I tend to think that both lessening of accumulation aggressiveness and even the employment of something like price-based sustainable withdrawal could start before reaching fuck you status, yet surely it may be way less complicated to make sure that a guy has already reached fuck you status prior to either reducing his investment into bitcoin rate or employing any withdrawal practices, yet from my perspective, it seems more realistic that a guy is going to transition by reducing his aggressiveness in bitcoin buying since it might not seem as effective for a guy with a $50k per year income to continue to put $150 per week into bitcoin after he might have already build up his bitcoin investment up to 11 bitcoin over the prior 2-ish cycles.
 
[edited out]
You cannot say when the right season will be ready, that is why it is important for you to buy Bitcoin regularly, because if you invest in Bitcoin regularly on a weekly basis, you will definitely be able to make a suitable investment because you will be able to buy deep constantly. If you can invest in Bitcoin regularly, then you will definitely be able to do your market research and buy at any moment because when you calculate the average, your purchase price will definitely decrease.
The DCA method is economical because the more you buy, the more your purchase price will decrease because you will be buying dip constantly. And through this DCA method, you will be able to hold Bitcoin for a long time.
The point is DCA does not bring you cheaper prices, even though it may well be able to allow you to invest into bitcoin in a way that would be the best that you are able to do since many people are not ready, willing or able to lump sum invest into bitcoin, so the better way for them to accommodate their BTC buys to their finances and/or psychology is to DCA buy into bitcoin.
What the DCA strategy actually does, is give investors the chance to make their buys at different prices and different market conditions, sometimes you get to buy when the price is much higher and sometimes you get lucky and buy when the price is pretty much lower. The DCA strategy gives investors the opportunity to seize their opportunities when they eventually come rather than having to wait for that opportunity to come before you can actually take advantage of them.

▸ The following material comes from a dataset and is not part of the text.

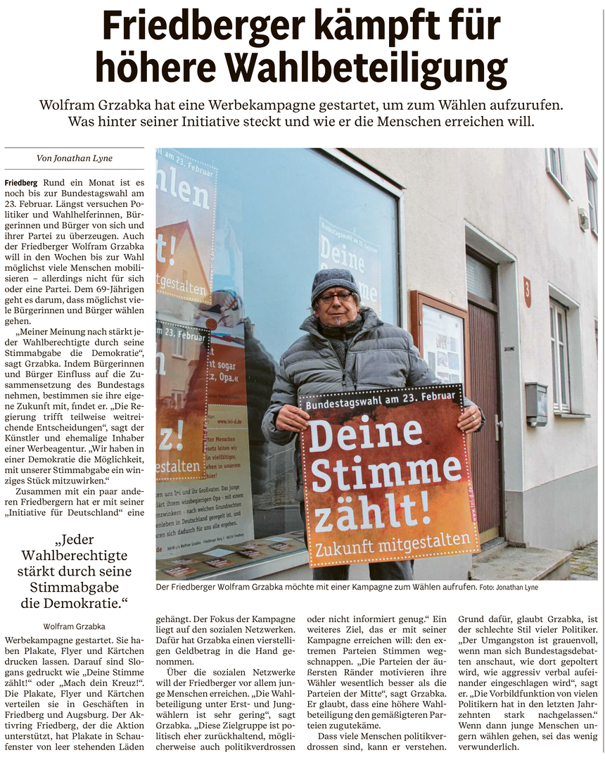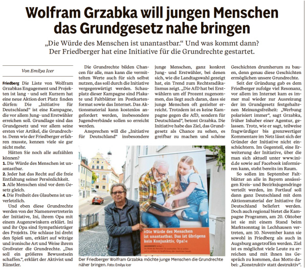 "Ein Friedberger Aufruf gegen Hass" titelte die Friedberger Allgemeine in ihrer Wochenendausgabe, 5. März, Seite 1, und berichtet ausführlich über den Aufruf

Yeah, but isn't the DCA strategy allowing guys to tailor their BTC accumulation to their own cashflow situation... so even though we are getting BTC in the process and maybe we are keeping track of how much money we put into BTC and how many BTC we have and how that is valuated, our main advantage in DCA buying seems to revolve around our abilities to tailor our weekly (or whatever other period of buys) to our own cashflows... so even though monitoring our BTC costs and quantities and likely seeing it grow, we might not really get into any position to change our level of BTC accumulation and/or aggressiveness in regards to our bitcoin until after a whole cycle or maybe even two cycles.  Sure, even after one whole cycle, if a guy had been accumulating bitcoin by investing 15% or more of his income into bitcoin, he may well start to see that he is getting towards having 60% or more of his income invested into bitcoin, and there could some assessment regarding the extent to which the bitcoin price might have changed during that time, too... and surely also any guy who is able to front load his bitcoin investment and even get a whole year's income or more into bitcoin within the first whole cycle, then he also might find himself at a higher level of accumulation in which he is also considering the size of his BTC stash and how that might relate to any additional bitcoin buys that he might make into the future and whether he might consider either moving away from DCA and/or changing the level of his aggressiveness in terms of his bitcoin buys.
 
Since the DCA strategy is all about consistent accumulation, regardless of the market conditions, one gets the opportunity to grow and solidify their portfolio overtime, regardless of the state of the market, because the Market is pretty volatile and unpredictable, which makes it quite a stupid idea to attempt waiting for the price to go low so you can lump sum into your investment, because you may never know when that would happen and you could even end up waiting the whole year while waiting for that so called opportunity to buy.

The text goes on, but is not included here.